San Lorenzo school district officials, teachers and students joined Chevron employees in a ceremonial ribbon cutting for the solar panel project at San Lorenzo High on Monday.




By Jim Knowles

San Leandro Times

The canopies over the parking lots at Arroyo and San Lorenzo high schools are providing more than shade.

The roofs are a platform for the new solar panels. The San Lorenzo school district announced it will save millions in the coming years, thanks to the power of the sun.

The district says the panels will save $4.5 million over the life of the project in the next two decades, after paying for the $5 million cost of installation. The panels at eight school sites will produce up to 1,000 kilowatts (1 megawatt) of electricity when the sun is shining.

“I wouldn’t have wanted the project unless there was a cost benefit of the students,” said San Lorenzo schools superintendent Dennis Byas. “We’ll have a net savings that we can put back into our general funds to benefit the students.”

At a ceremony at San Lorenzo High on Monday afternoon, Byas thanked the school board and the voters who passed Measure O, which funds the project.

Teachers and school district officials said it was the students’ ideas that inspired the project, especially the students at the high school’s Green Academy.

“We encourage students to be bold and inventive and see what they can create to change our world for the better,” said Bohannon Middle School Principal Gail Yothers.

But the know-how for the solar project came from an unlikely source – one of the biggest oil companies in the world. The school district brought in Chevron to install the solar panels.

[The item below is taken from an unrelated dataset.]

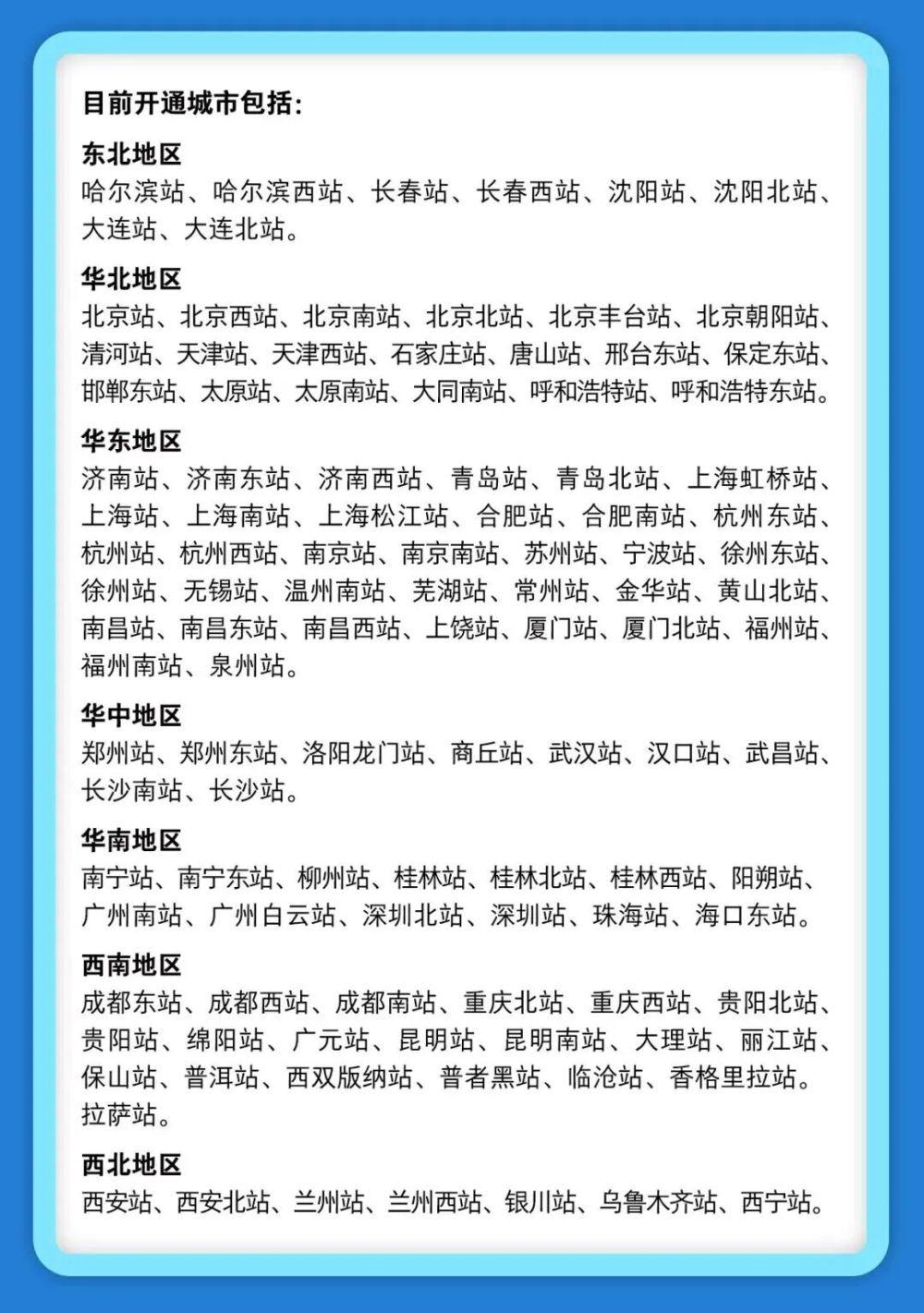 中铁快运自1月15日起扩大“轻装行”服务试点范围,新增哈尔滨、长春、天津、石家庄、西安、南昌、南宁、乌鲁木齐、拉萨等城市的92个车站,总数达到111个,基本覆盖全国省会城市、直辖市、计划单列市,减轻旅客携带大件行李负担,让乘坐火车出行更轻松。

An offshoot called Chevron Energy Solutions builds hundreds of sustainable energy projects for education and business across the country.

“Schools are incubators for the leaders of industry, so I can think of no better place to demonstrate the project,” said Teresa Mayer, the chief financial officer for Chevron Energy Solutions.

The San Lorenzo High Jazz Ensemble played and hors d’oeuvres made in the school district’s new kitchen were served after the ceremony.

Byas said the project was just a part of the modernization of San Lorenzo public schools – along with the state-of-the-art kitchen, new science and math labs, and well for irrigation to save water costs.

Byas said he preferred the panels on canopies over the parking lots rather than on rooftops because they make fixing a leaking roof a much more expensive project.

“Besides,” he said. “They just don’t look good on a roof.”